Regression is a statistical tool for investigating the relationships between variables. Simple linear regression is the simplest form of regression; it creates a linear model for the relationship between the dependent variable and a single independent variable. Visually, simple linear regression "draws" a trend line on the scatter plot of two variables that best approximates their linear relationship. The model can be expressed with the two parameters of its line: slope and intercept. Other models use more parameters for more complex curves. This is one of the most popular tools in statistics, and it is frequently used as a predictor for machine learning.
Explanation and history
At the core of linear regression is the method of least squares. In this method, the linear trend line is chosen which minimizes the sum of every data point’s squared residual (deviation from the model).
The method of least squares was independently discovered by Carl Friedrich-Gauss and Adrien-Marie Legendre in the early 19th century. The linear regression methods used today can be primarily attributed to the work of R.A. Fisher in the 1920s.
Use-cases
In simple linear regression, both the independent and dependent variables must be numeric. The dependent variable (y
) can then be expressed in terms of the independent variable (x
) using the two line parameters intercept (a
) and slope (b
) with the equation y = a + b * x
. For these approximations to be meaningful, the dependent variable should take continuous values. The relationship between any two variables satisfying these conditions can be analyzed with simple linear regression. However, the model will only be successful for linearly related data. Some common examples include:
-
Predicting housing prices with square footage, number of bedrooms, number of bathrooms, etc.
-
Analyzing sales of a product using pricing or performance information
-
Calculating causal relationships between parameters in biological systems
Constraints
Because simple linear regression is so straightforward, it can be used with any numeric data pair. The real question is how well the best model fits the data. There are several measurements which attempt to quantify the success of the model. For example, the coefficient of determination (r2
) is the proportion of the variance in the dependent variable that is predictable from the independent variable. A coefficient r2 = 1
indicates that the variance in the dependent variable is entirely predictable from the independent variable (and thus the model is perfect).
Example
Let’s look at a straightforward example—predicting short term rental listing prices using the listing’s number of bedrooms. Run :play http://guides.neo4j.com/listings
and follow the import statements to load Will Lyon’s rental listing graph.

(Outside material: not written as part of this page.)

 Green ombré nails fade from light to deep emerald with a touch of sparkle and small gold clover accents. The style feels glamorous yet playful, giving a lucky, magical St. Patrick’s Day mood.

CALL regression.linear.create('airbnb prices')
MATCH (list:Listing)-[n:IN_NEIGHBORHOOD]->(hood:Neighborhood {neighborhood_id:'78704'})
WHERE exists(list.bedrooms)
AND exists(list.price)
AND NOT list:Trained
CALL regression.linear.add('airbnb prices', [list.bedrooms], list.price)
SET list:Trained
RETURN *
RETURN regression.linear.predict('airbnb prices', [4])

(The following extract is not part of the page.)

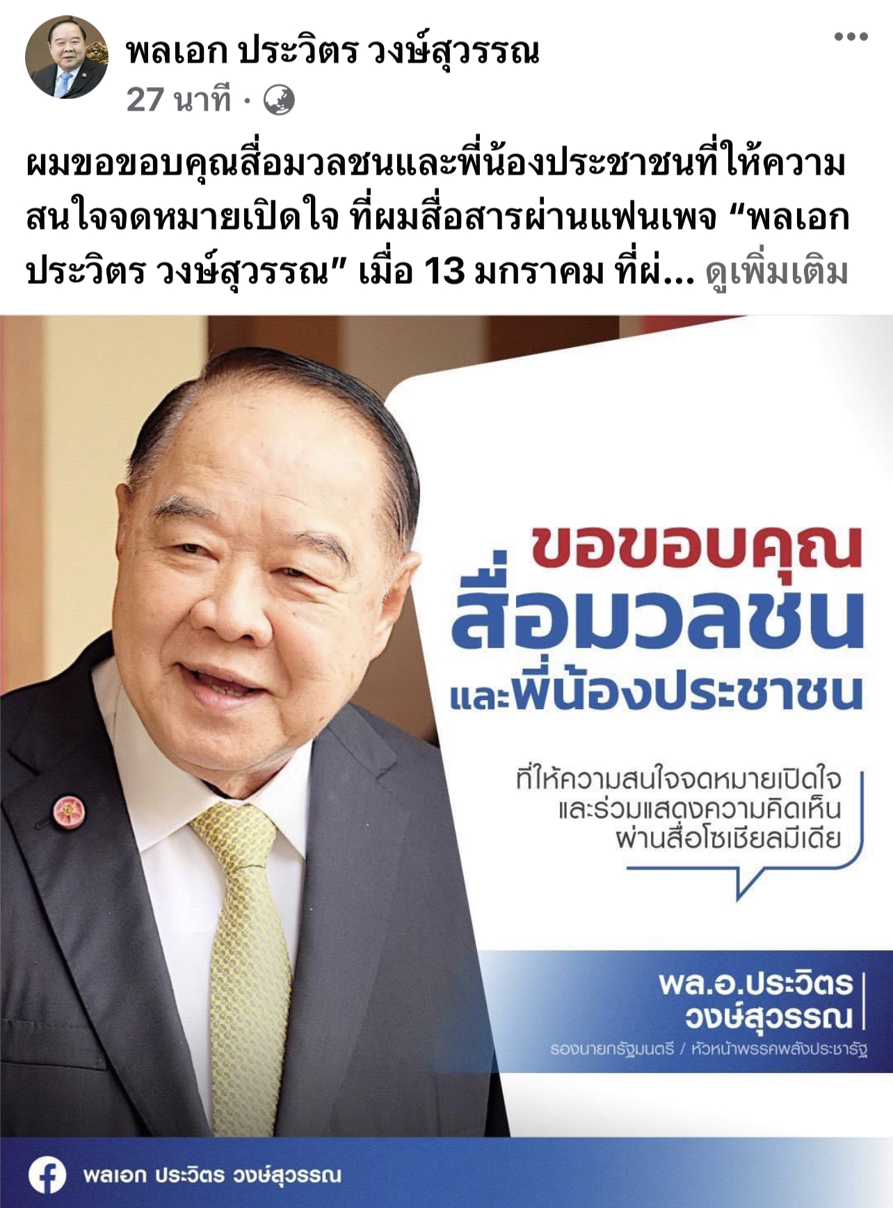 พล.อ.ประวิตร วงษ์สุวรรณ รองนายกรัฐมนตรี โพสต์ข้อความผ่านเพจเฟสบุ๊คประวิตร วงษ์สุวรรณ ระบุว่า ขอขอบคุณสื่อมวลชนและประชาชนที่ให้ความสนใจจดหมายเปิดใจที่สื่อสารผ่านแฟนเพจ “พลเอกประวิตร วงษ์สุวรรณ” เมื่อ 13 ม.ค.ที่ผ่านมา ได้ทราบว่าวันแรกมียอดสืบค้นหาทางกูเกิลถึง 8 แสนครั้ง และเพิ่มขึ้นจนทะลุ 1.5 ล้านครั้ง ในวันที่สอง

MATCH (list:Listing)-[:IN_NEIGHBORHOOD]->(:Neighborhood {neighborhood_id:'78704'})
WHERE exists(list.bedrooms) AND NOT exists(list.price)
SET list.predicted_price = regression.linear.predict('airbnb prices', [list.bedrooms])

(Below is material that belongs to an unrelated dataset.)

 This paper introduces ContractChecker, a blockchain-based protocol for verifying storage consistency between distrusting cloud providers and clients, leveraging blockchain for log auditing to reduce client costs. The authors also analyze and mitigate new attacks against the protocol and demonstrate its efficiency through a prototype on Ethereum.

MATCH (list:Listing {listing_id:'2467149'})-[:IN_NEIGHBORHOOD]->(:Neighborhood {neighborhood_id:'78704'})
CALL regression.linear.remove('airbnb prices', [list.bedrooms], list.price)
REMOVE list:Trained
MATCH (list:Listing)-[:IN_NEIGHBORHOOD]->(:Neighborhood {neighborhood_id:'78701'})
WHERE exists(list.bedrooms)
AND exists(list.price)
AND NOT list:Trained
CALL regression.linear.add('airbnb prices', [list.bedrooms], list.price)
SET list:Trained RETURN list
CALL regression.linear.info('airbnb prices')
YIELD model, framework, hasConstant, numVars, state, N, info
MERGE (m:ModelNode {model: 'airbnb prices'})
SET m.data = regression.linear.data('airbnb prices')
CALL regression.linear.delete('airbnb prices')
YIELD model, framework, hasConstant, numVars, state, N, info
MATCH (m:ModelNode {model: 'airbnb prices'})
CALL regression.linear.load('airbnb prices', m.data)
YIELD model, framework, hasConstant, numVars, state, N, info
RETURN model, framework, hasConstant, numVars, state, N, info
Now the model is ready for further data changes and predictions!
Syntax
The simple linear regression procedures were created so that the same procedures may be used for multiple linear regression. Therefore, independent variable must be specified [in brackets] and you must specify number of variables (1) at time of creation as well as the type of model you would like to create ("Simple").
If your queries return duplicate values (eg: both directions of the same relationship) then data from the same observation may be added to the model multiple times. This will make your model less accurate. It is recommended that you be careful with queries (eg: specify direction of relationship) or store somewhere in relevant nodes/relationships whether this data has been added to the model. This way you can be sure to select relevant data points which have not yet been added to the model.